§ PROBLEM:
Begin the copy at the line that contains "LOT 278F: Vintage", end it at the last line of the entries below, keep every word exact, and include no pictures.

Recorded data:
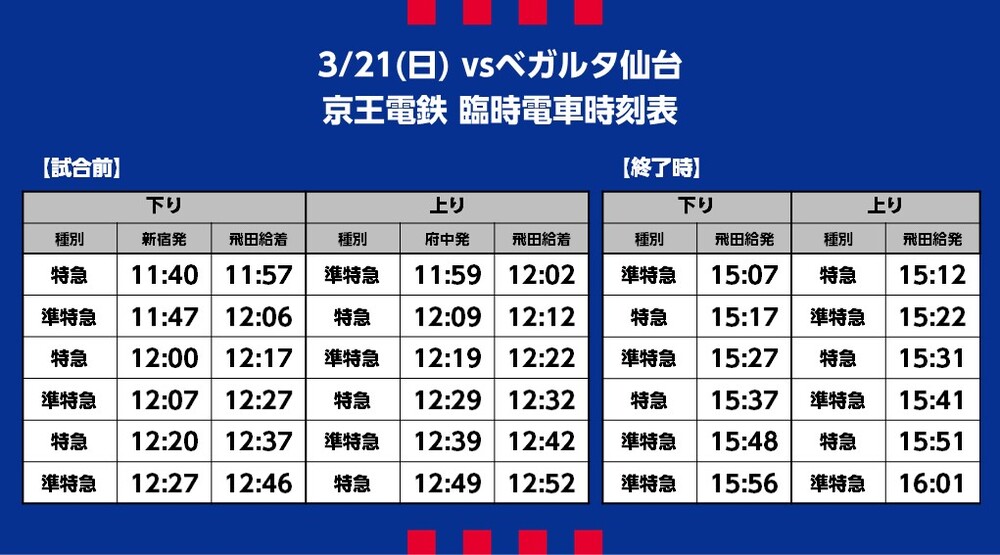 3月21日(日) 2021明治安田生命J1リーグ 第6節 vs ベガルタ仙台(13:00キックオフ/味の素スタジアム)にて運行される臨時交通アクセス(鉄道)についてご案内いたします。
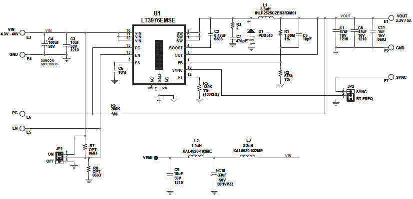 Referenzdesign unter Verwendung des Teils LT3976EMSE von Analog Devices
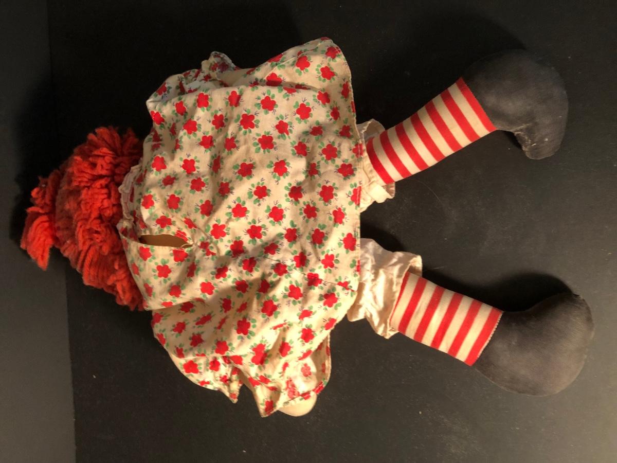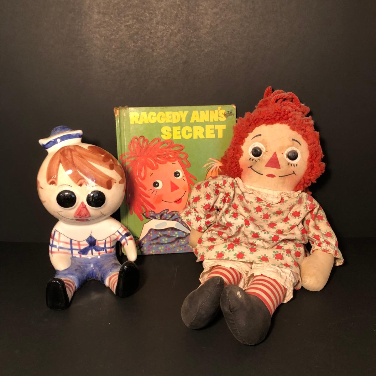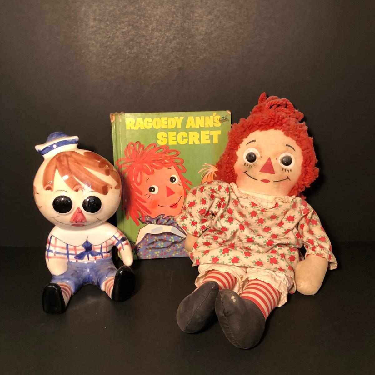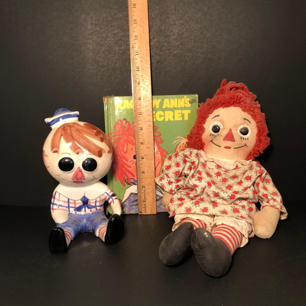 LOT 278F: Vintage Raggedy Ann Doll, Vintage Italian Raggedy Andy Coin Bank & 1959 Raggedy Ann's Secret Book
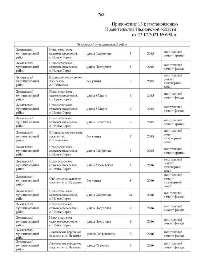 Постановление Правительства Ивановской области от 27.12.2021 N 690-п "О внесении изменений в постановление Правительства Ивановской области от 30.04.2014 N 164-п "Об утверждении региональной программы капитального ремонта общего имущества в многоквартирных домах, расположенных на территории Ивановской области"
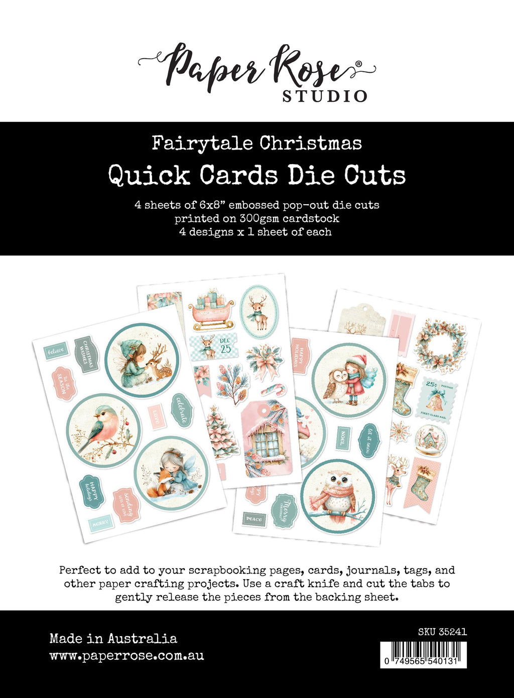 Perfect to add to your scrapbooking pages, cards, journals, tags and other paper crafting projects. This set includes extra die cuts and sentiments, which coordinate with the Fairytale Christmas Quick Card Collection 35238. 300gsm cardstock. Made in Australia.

§ YOUR RESPONSE:
 LOT 278F: Vintage Raggedy Ann Doll, Vintage Italian Raggedy Andy Coin Bank & 1959 Raggedy Ann's Secret Book
 Постановление Правительства Ивановской области от 27.12.2021 N 690-п "О внесении изменений в постановление Правительства Ивановской области от 30.04.2014 N 164-п "Об утверждении региональной программы капитального ремонта общего имущества в многоквартирных домах, расположенных на территории Ивановской области"
 Perfect to add to your scrapbooking pages, cards, journals, tags and other paper crafting projects. This set includes extra die cuts and sentiments, which coordinate with the Fairytale Christmas Quick Card Collection 35238. 300gsm cardstock. Made in Australia.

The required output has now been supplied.